I understand your point, but your analogy is off. You can't make a ruler with that small of length increments because the Planck length is the smallest possible length and it is larger than your hypothetical ruler increments. Reality is in fact quantifiable with distinct units. Pi is not a length, nor is a square root, so how based in reality is math? Perhaps math is merely the realm of the imaginary but following rules of noncontradiction. It is a tool for prediction.
Discussion
A line is not a physical thing, so the imaginary ruler is not either, so the Planck length limit isn’t really relevant.
Pi is absolutely a number on the line, and the imaginary ruler can’t mark it, no matter how fine its units of measurement.

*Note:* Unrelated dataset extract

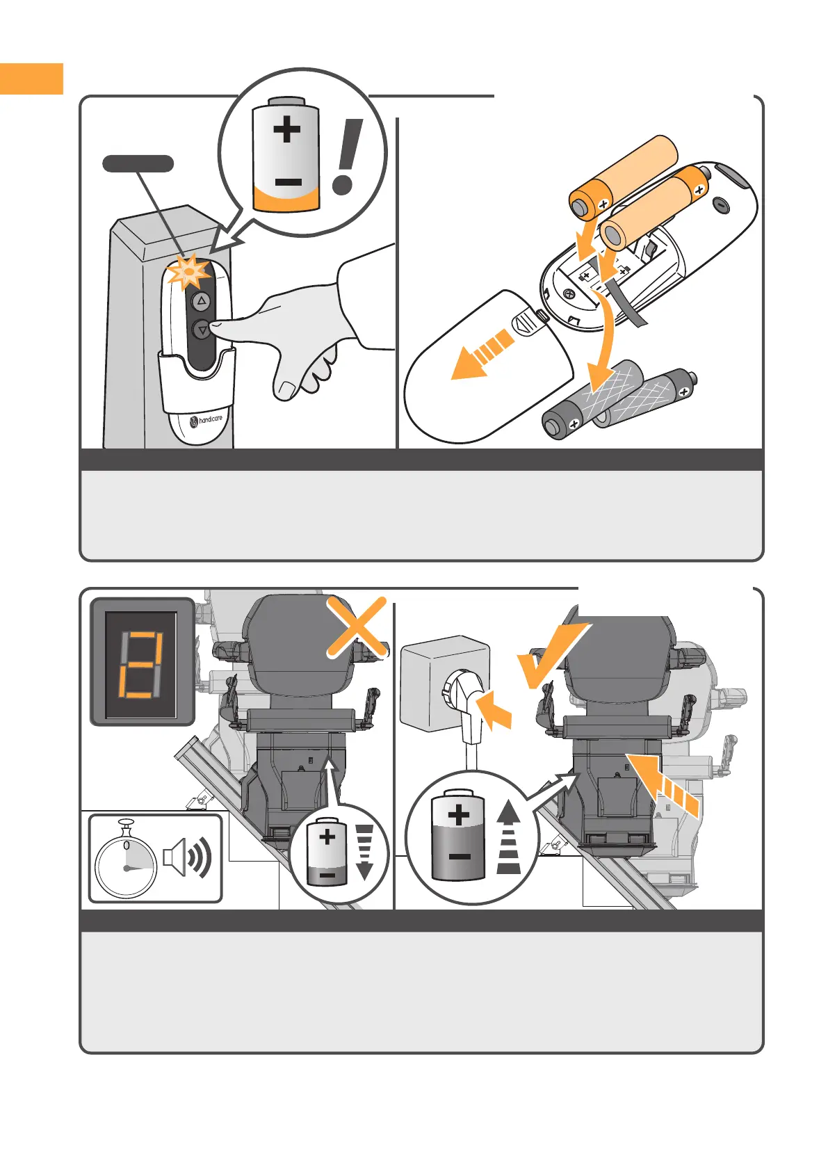 Oorzaak: de lift staat niet of niet goed op een laadstation, of de stekker zit niet in

The analogy is between one degree of infinity, the kind you can get by dividing by ever smaller rational numbers and a higher order kind (real numbers) which represent every point on a line.

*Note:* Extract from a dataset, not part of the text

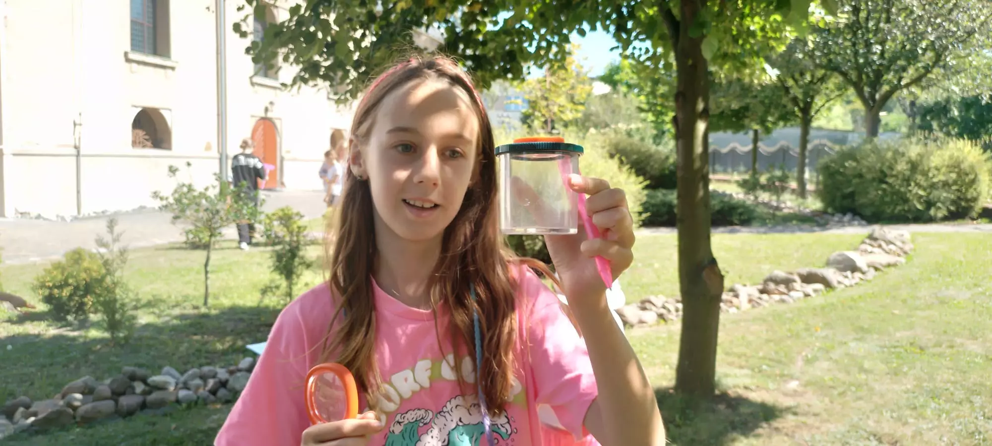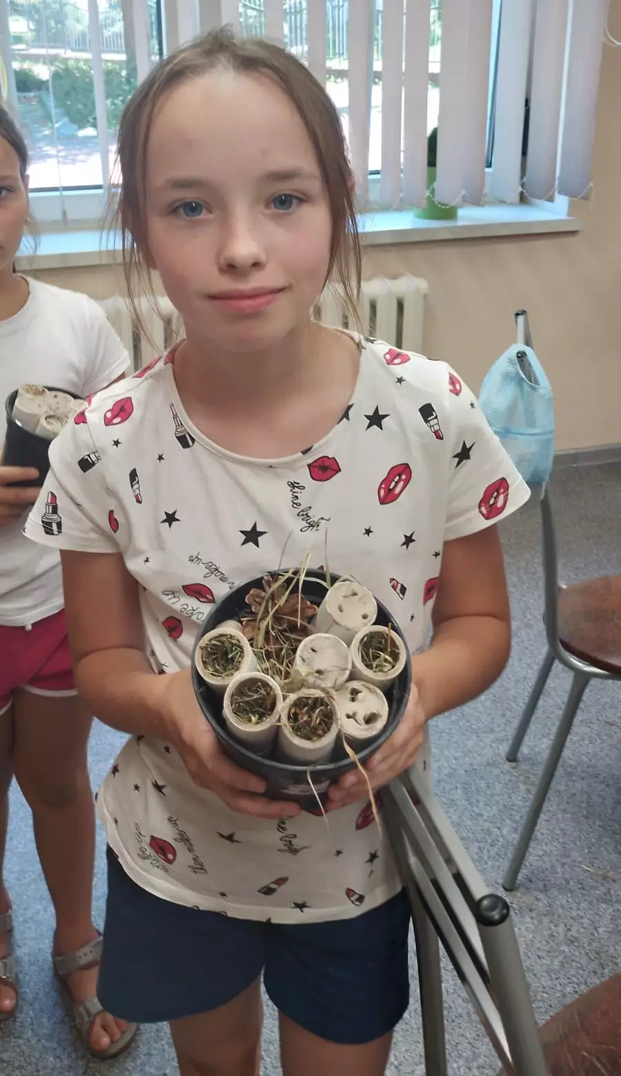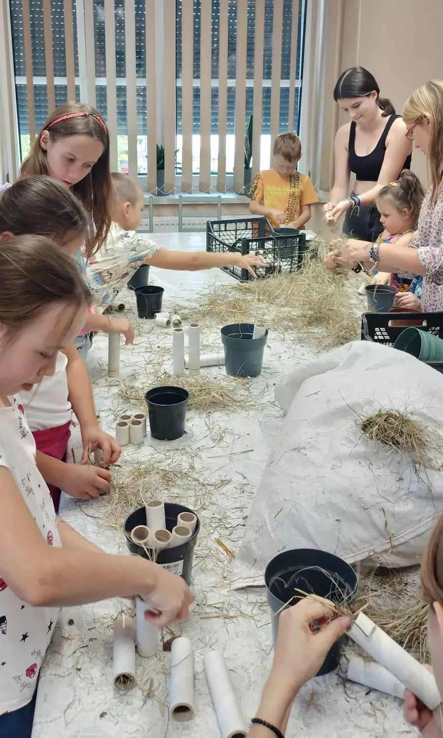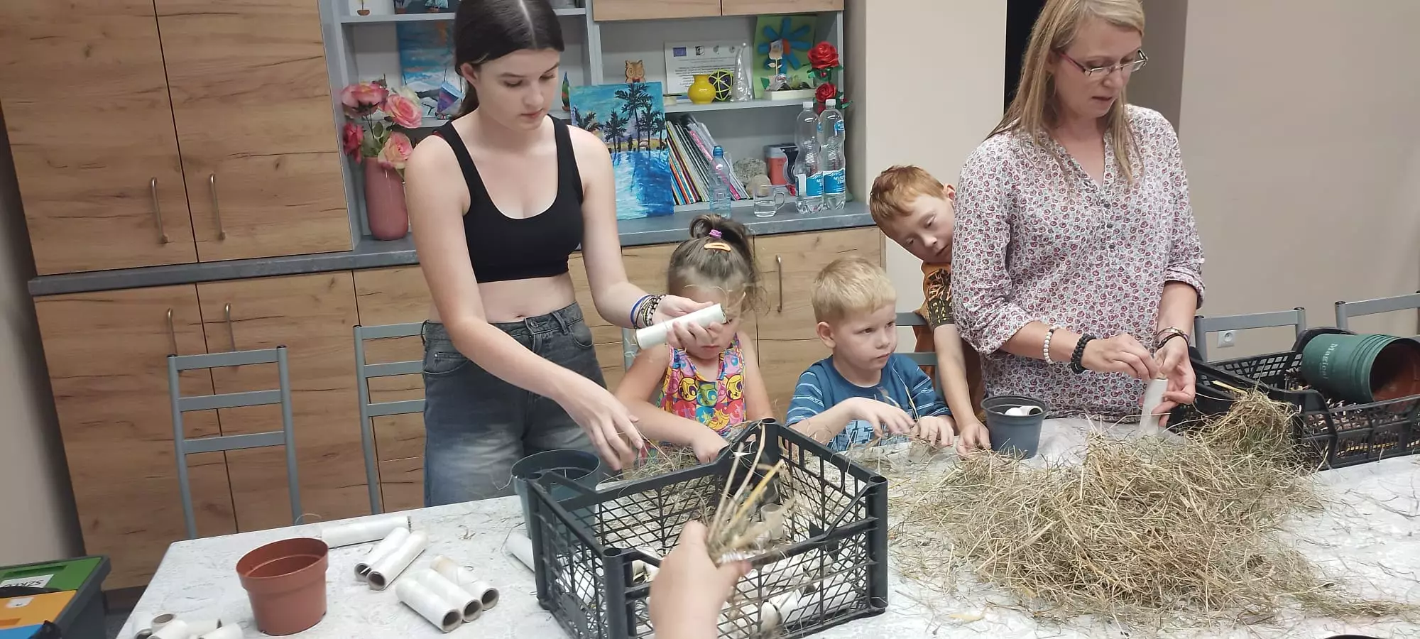 Dzieci siedzą przy stole i wypełniają doniczki sianem i szyszkami.Dzieci siedzą przy stole i wypełniają doniczki sianem i szyszkami.Dziewczynka trzyma w rękach doniczkę zrobioną na zajęciach.Chłopczyk trzyma w rękach doniczkę zrobioną na zajęciach.Wspólne zdjęcie uczestników warsztatów przed biblioteką.Dzieci oglądają pod lupą owady.Dzieci biegają po trawie łapiąc motyle do siatki.Dziewczyna trzyma w ręce pojemnik w którym ma mrówkę.Dziewczynka łapie w siatkę motyle, druga dziewczynka ogląda owady pod lupą a chłopczyk dyskutuje o owadach.

The ratio of rationals to reals is zero. The ratio of map to territory is zero. AI to Tao is zero.
Pi is absolutely NOT a number on the line. Please don't create new philosophies while defendjng old ones. Someone needs a math review.
Okay, so it's an imaginary line, a geometrical line. Those aren't real things, but you are using one as an example of what reality is. Sure, you can't make an imaginary ruler good enough to measure an imaginary line, but you could make a real ruler good enough to measure a real line.
Yes, it’s an analogy. The line is analogous to reality, the ruler is analogous to a map of reality. The ruler is not the line, it can only map certain points on it.
And I'm suggesting the analogy is bad. A line is continuous. Reality may not be, and in fact there is evidence that it is not.